You'll note that at no point is Smarty really involved. ;)
This solution is highly impractical for anything more than a trivial number of sites to be polled asynchronously. If you need rows for dozens or hundreds of sites, that means each client is going to need to make dozens or hundreds of requests to your site for every single normal pageview. This is going to slaughter your server if more than one or two people load the page at once.
Can you tell us more about what you're doing, and what you're trying to accomplish? There are lots of ways to mitigate this problem, but they all depend on what you're doing.
Update for your question edit.
First, please consider using an actual HTML parser instead of regular expressions. The DOM is very powerful and you can target specific elements using XPath.
Instead of doing that, I just want to get the first array that is returned with individual information and add the values into a table row on the fly.
So, here's the ultimate problem. You want to do something asynchronously. PHP does not have a built-in generalized way to perform asynchronous tasks. There are a few ways to deal with this problem.
The first is as I've described above. Instead of doing any of the curl requests on page load, you farm the work out to the end user, and have the end user's browser make requests to your scraping script one by one, filling in the results.
The second is to use an asynchronous work queue, like Gearman. It has excellent PHP support via a PECL extension. You'd write one or more workers that can accept requests, and keep a pool of them running at all times. The larger the pool, the more things you can do at once. Once all of the data has returned, you can throw the complete set of data at your template engine, and call it good.

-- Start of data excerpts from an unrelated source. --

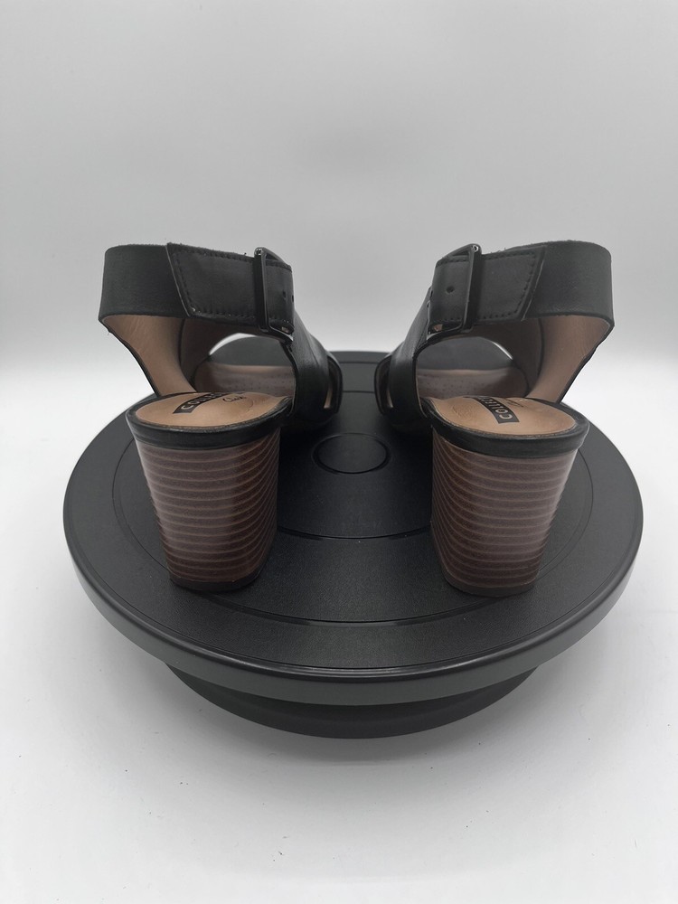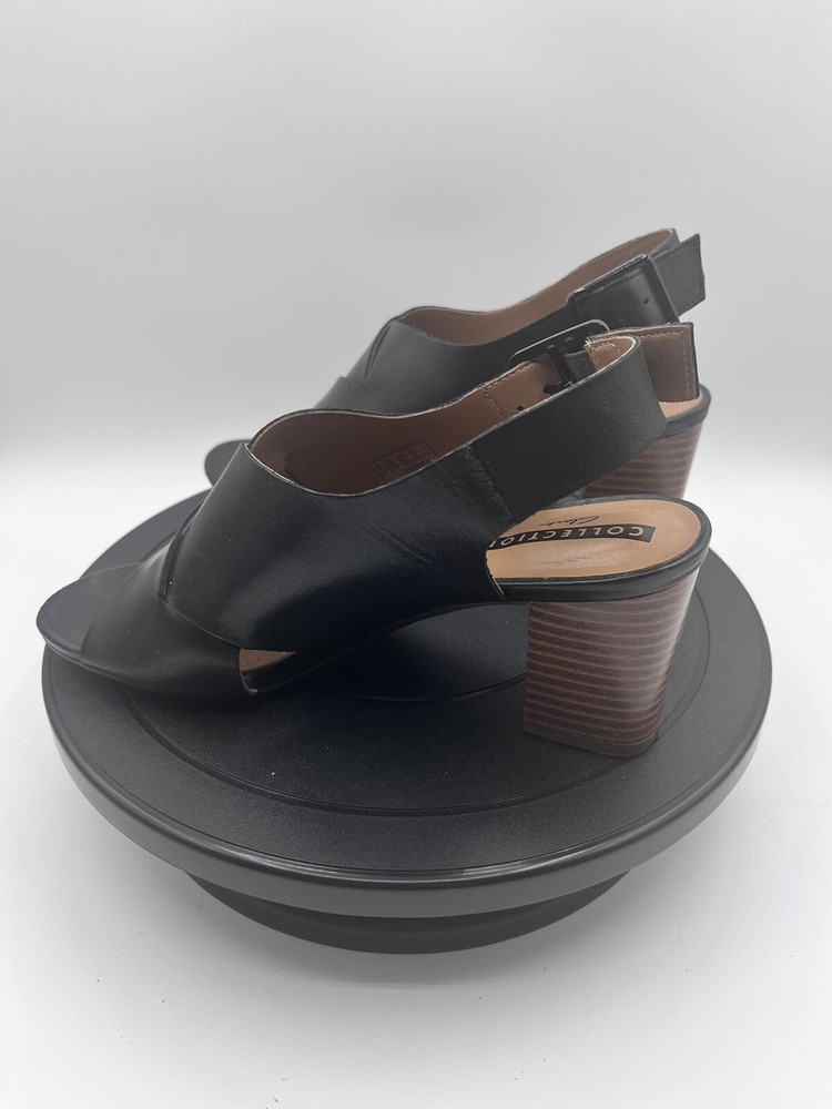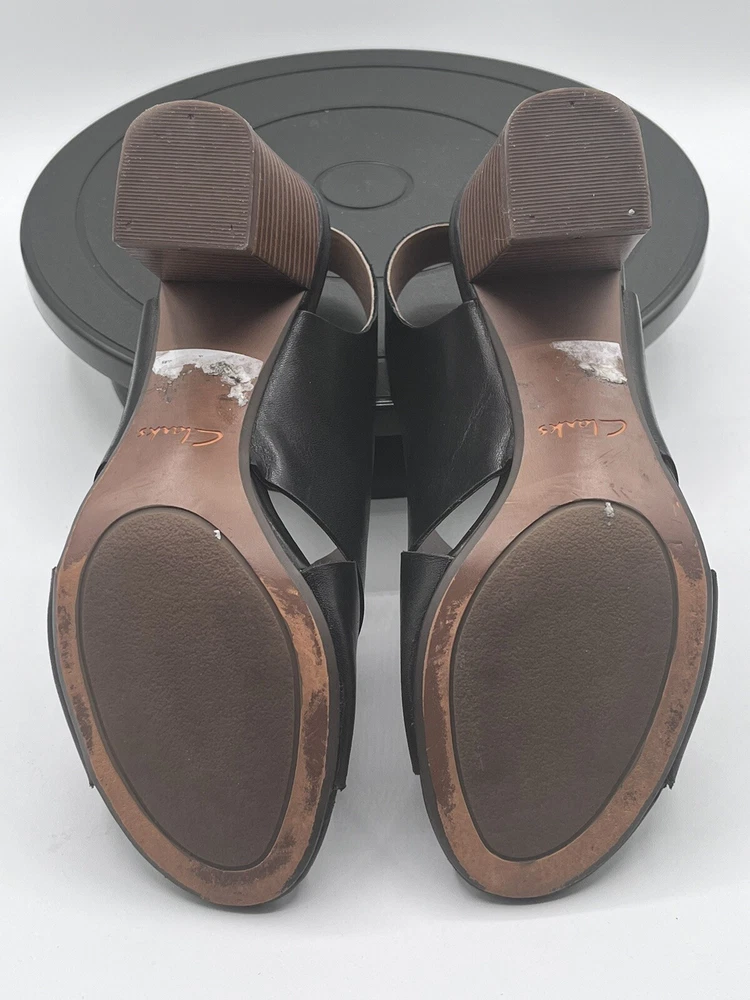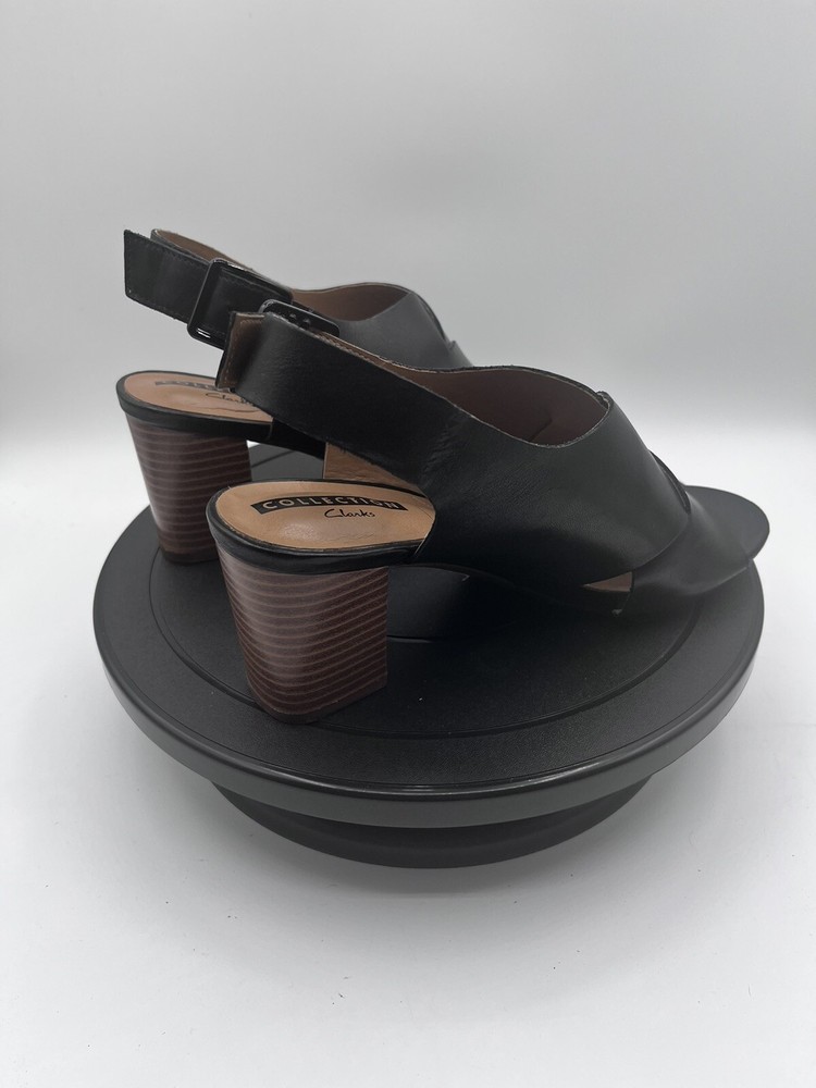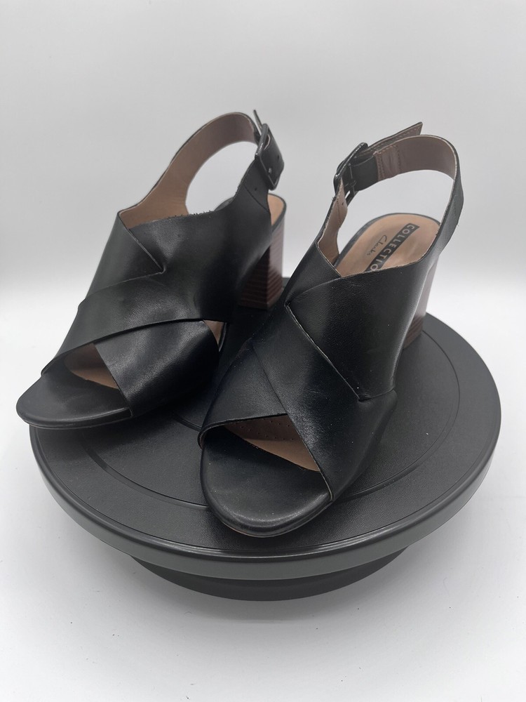 Clarks Deva Janie Black Leather Peep Toe Slingback Heel 6M
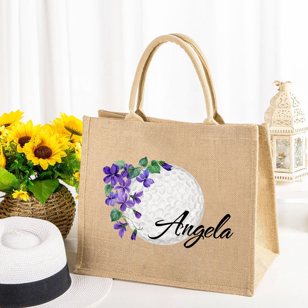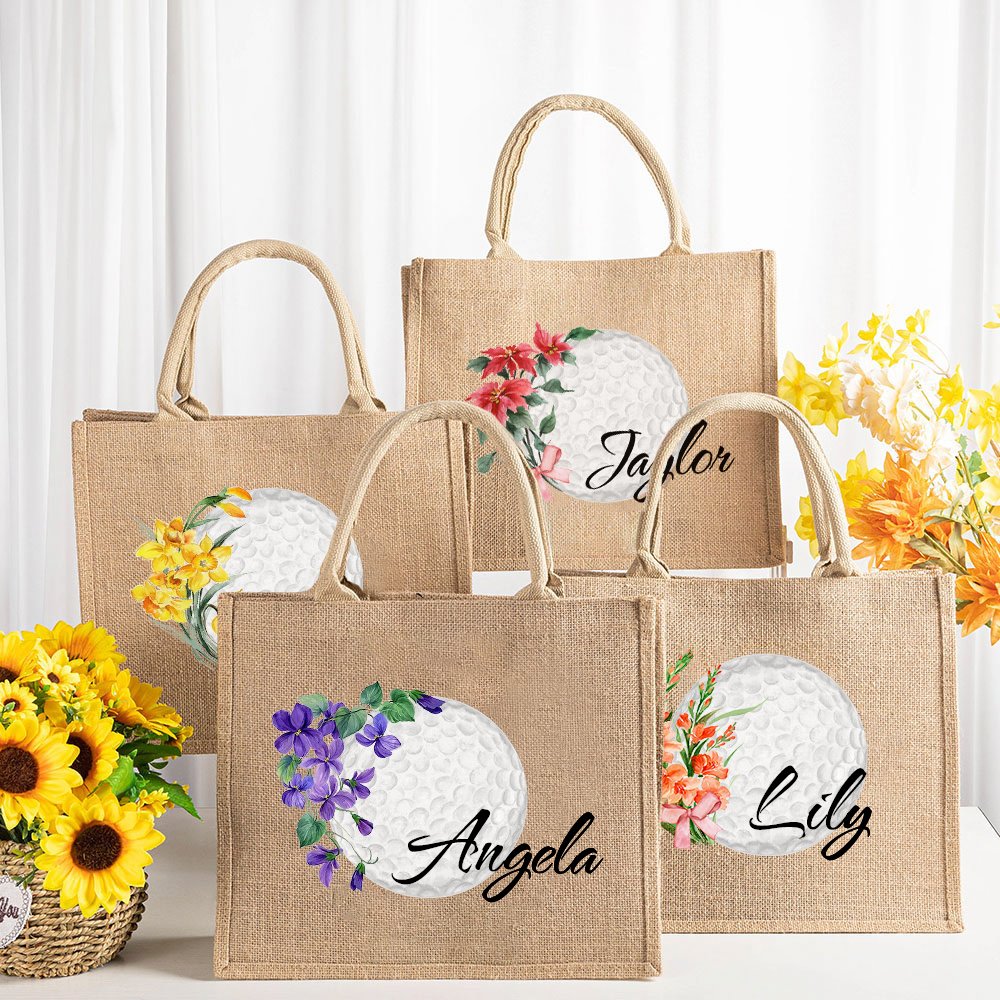 Diese geräumige Tragetasche ist mit einem Golfballmuster bedruckt. Sie können die lebendige Aquarell-Geburtstagsblume nach Ihrem Geburtsmonat auswählen, was einen Hauch von persönlichem Charme hinzufügt, der dieses Geschenk wirklich einmalig macht.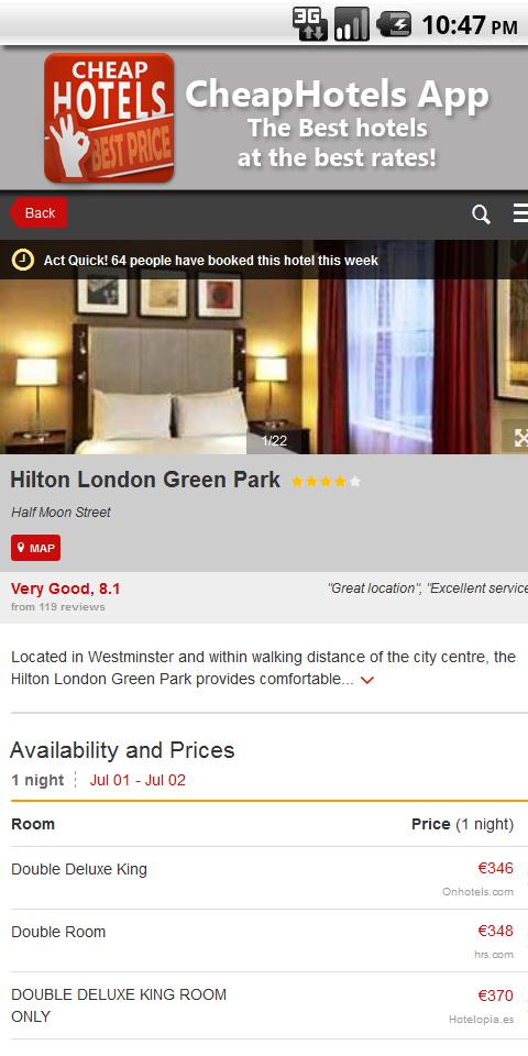If you are looking for a cheap hotel but do not want to sacrifice quality and time, this is your app. In just a few seconds locates all the cheap hotels in the area you choose with the best price. Deals last minute (last minute hotel offer) hotels in Andalusia (Sevilla, Córdoba, Málaga, Cádiz, Huelva, Almería and hotels in Granada), Valencia, Madrid, Barcelona, Andorra, San Sebastián, Cataluña, Las Palmas, Canary Islands, Mallorca, Ibiza and many other destinations.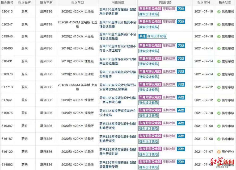 7月20日,蔚来汽车相关负责人回应红星资本局称,这不是设计缺陷。蔚来座椅设计偏运动取向,有些用户有更多舒适性需求,蔚来就此制定个性化方案。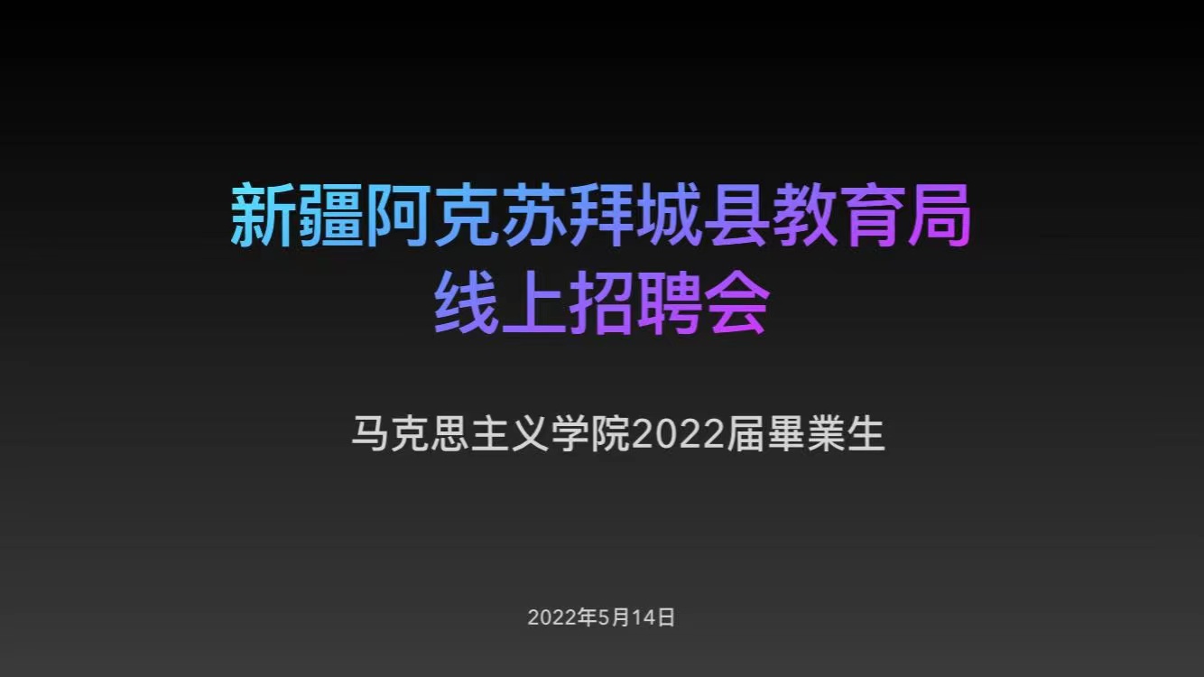 5月14日,米兰milan官网与新疆阿克苏拜城县教育局联合举办线上招聘会。学院党总支副书记刘琳、学工办主任张洪海、辅导员查娜及2022届全体毕业生参加了会议。会上,新疆阿克苏拜城县教育局白龙宇同志介绍了拜城县教育系统2022年招聘的政策及工作领域相关岗位工作特点与发展前景等。米兰官网毕业生冯佳蕊、王秀秀、胡日查和白龙宇在会上分享了就业方面的经验与心得,对毕业后如何更好地走上教师岗位、完善个人简历、获取就业信息、签订三方协议、薪资待遇、晋升空间等方面给予答疑解惑。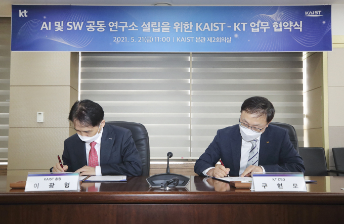 KT는 구현모 대표와 카이스트 이광형 총장이 ‘AI 및 SW공동 연구소 설립을 위한 업무협약’을 체결했다고 23일 밝혔다.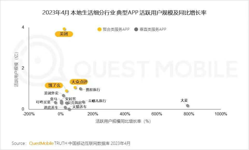 從上圖也不難看出,原與美團(tuán)進(jìn)行全面對標(biāo)的聚合類服務(wù)APP餓了么,現(xiàn)活躍用戶規(guī)模及同比增長率數(shù)據(jù)更貼近于美團(tuán)旗下垂直類服務(wù)APP美團(tuán)外賣。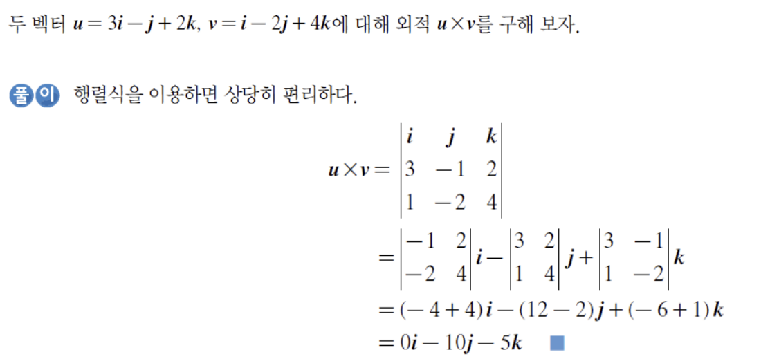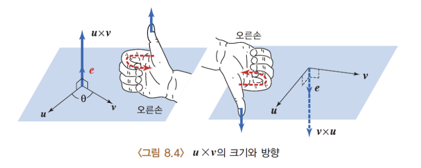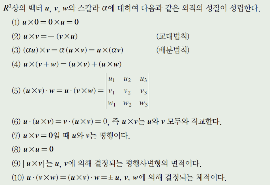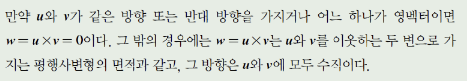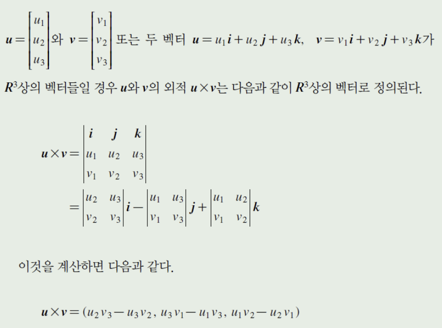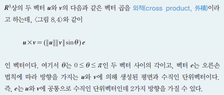 외적 : 두 벡터 u와 v의 벡터 곱인 u * v = (||u|| ||v|| sin 세타) e 를 말한다.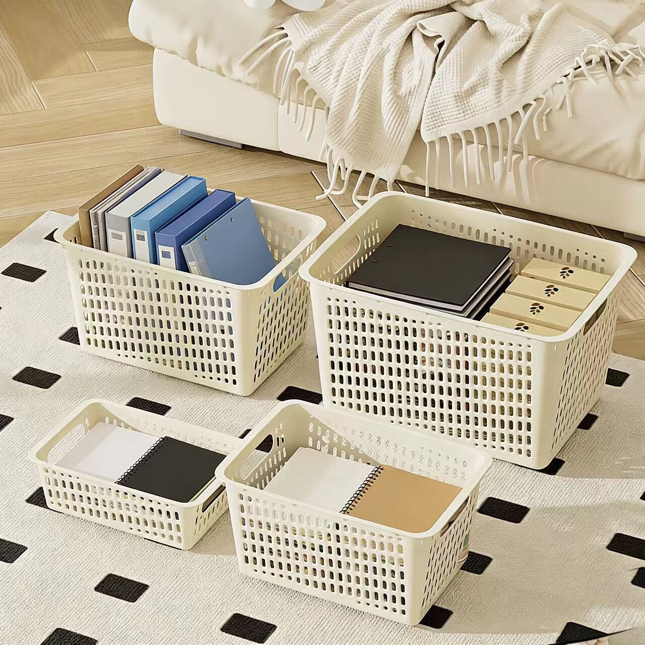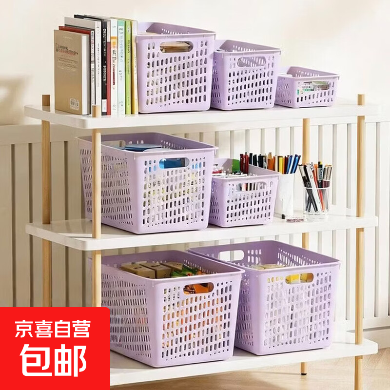办公文件筐资料框档案筐文件夹收纳盒置物框学生放书筐简易桌面收纳筐 【紫色】 中号1个
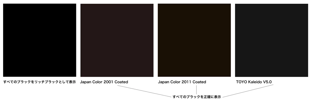 まず、Illustratorの環境設定で、ブラックのアピアランスが正しくカラーマネジメントされているか確認してください。「すべてのブラックをリッチブラックとして表示」になっているとアプリケーション上のでK100%は添付画像のような真っ黒で表示されてしまいます。「すべてのブラックを正確に表示」であればPDFと同じ色で表示される(全体としてのカラーマネジメントが正しければ)はずです。この場合のモニタで表示されるK100%の色はプロファイルに従います。

You can even combine the two, having the user make only one or two or three extra requests via ajax to fetch part of the returned data. Heck, you can even kick off the jobs in the background and return the page immediately, then request the results of the background jobs later via ajax.
Regardless of which way you handle it, you have a giant, huge problem. You're scraping someone's site. You may well be scraping someone's site very often. Not everyone is OK with this. You should seriously consider caching results aggressively, or even checking with each of the vendors to see if they have an API or data export that you can query against instead.